*Task directions*.
Retype exactly what appears below from the line containing "This is a blue" down to the line containing "Er ist das einzige", keeping both end lines. Do not include pictures.

= = = = =

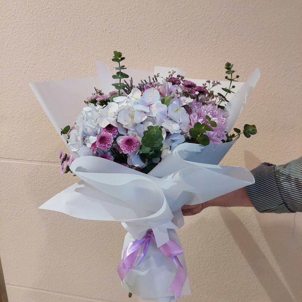 purple chrysanthemums - 3 шт. purple santini - 4 шт. маленький эвкалипт - 5 шт. белая или фиолетовая гортензия - 1 шт.
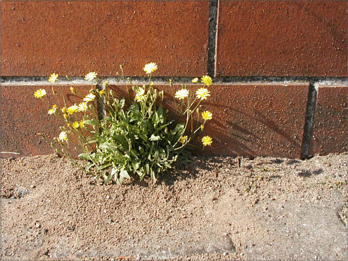 Nicht nur eine Mauer ... ... sondern der immer wieder tolle Beweis, welche Kraft die Natur hat. Eine blühende Pflanze hat sich einen kleinen Platz von der Zivilisation zurückerobert. zurück
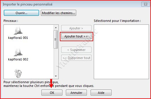 3 - Il y a plusieurs pinceaux dans ce fichier ils s'affichent dans le fenêtre de gauche clic sur Ajouter tout
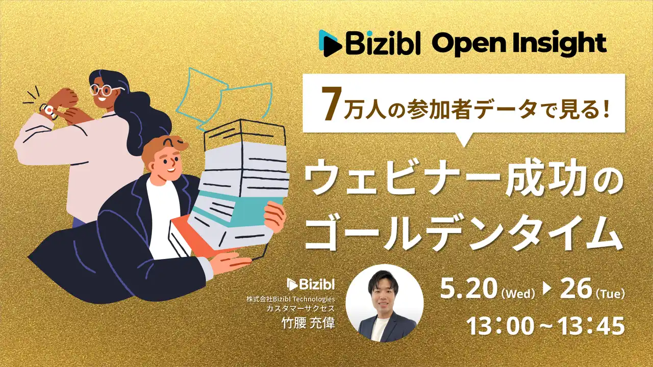 ウェビナーマーケティングツール「Bizibl(ビジブル)」を提供する株式会社Bizibl Technologies(本社:東京都千代田区、代表取締役:花谷 燿平、以下 Bizibl)は、曜日・時間帯・ターゲット別に見るウェビナー開催戦略をテーマとしたウェビナー「7万人の参加者データで見る!ウェビナー成功のゴールデンタイム」を、2026年5月20日(水)から5月26日(火)までの期間、Bizibl上にて開催いたします。 |
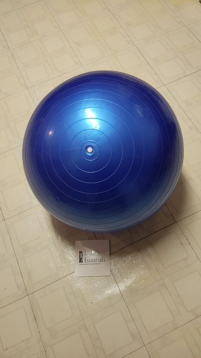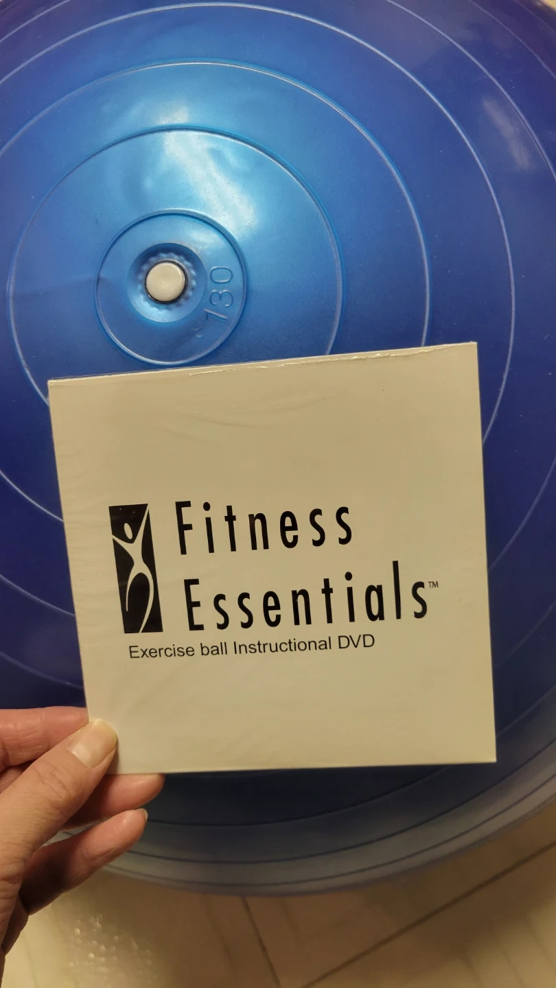 This is a blue Fitness Essentials exercise ball. It comes with an instructional DVD. The ball is made from durable material for your workouts.
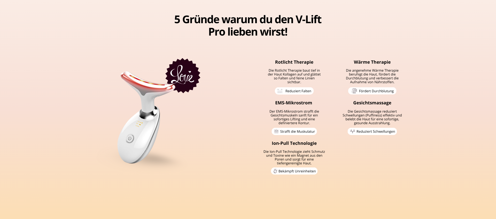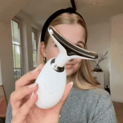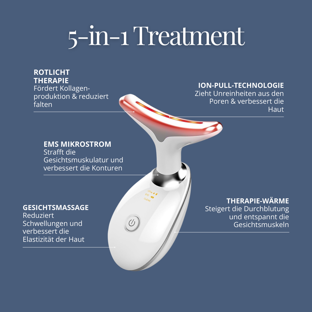Er ist das einzige Gerät, das Rotes LED-Licht, EMS-Mikroströme, Wärmetherapie, Ion Pull Technologie und Gesichtsmassage kombiniert.
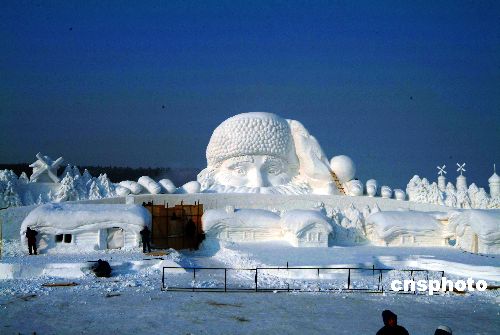 2004年12月22日,長(zhǎng)春凈月潭國(guó)家森林公園的巨型“圣誕老人”。當(dāng)日,經(jīng)過長(zhǎng)春凈月潭國(guó)家森林公園的上百名工作人員的日夜忙碌、35位哈爾濱專業(yè)冰雕師的精雕細(xì)琢,世界最大單體雪雕作品--“圣誕老人”在吉林長(zhǎng)春凈月潭國(guó)家森林公園冰雪樂園全部竣工。據(jù)悉,該“圣誕老人”現(xiàn)體量長(zhǎng)80米、高17米、厚25米,用雪量7000立方米,工程量和體積為世界之最。24日,“2005屆中國(guó)長(zhǎng)春冰雪旅游節(jié)暨凈月潭瓦薩國(guó)際越野滑雪節(jié)”將于長(zhǎng)春開幕。作者:樊甲山

= = = = =

*Answer to the exercise*.
 This is a blue Fitness Essentials exercise ball. It comes with an instructional DVD. The ball is made from durable material for your workouts.
Er ist das einzige Gerät, das Rotes LED-Licht, EMS-Mikroströme, Wärmetherapie, Ion Pull Technologie und Gesichtsmassage kombiniert.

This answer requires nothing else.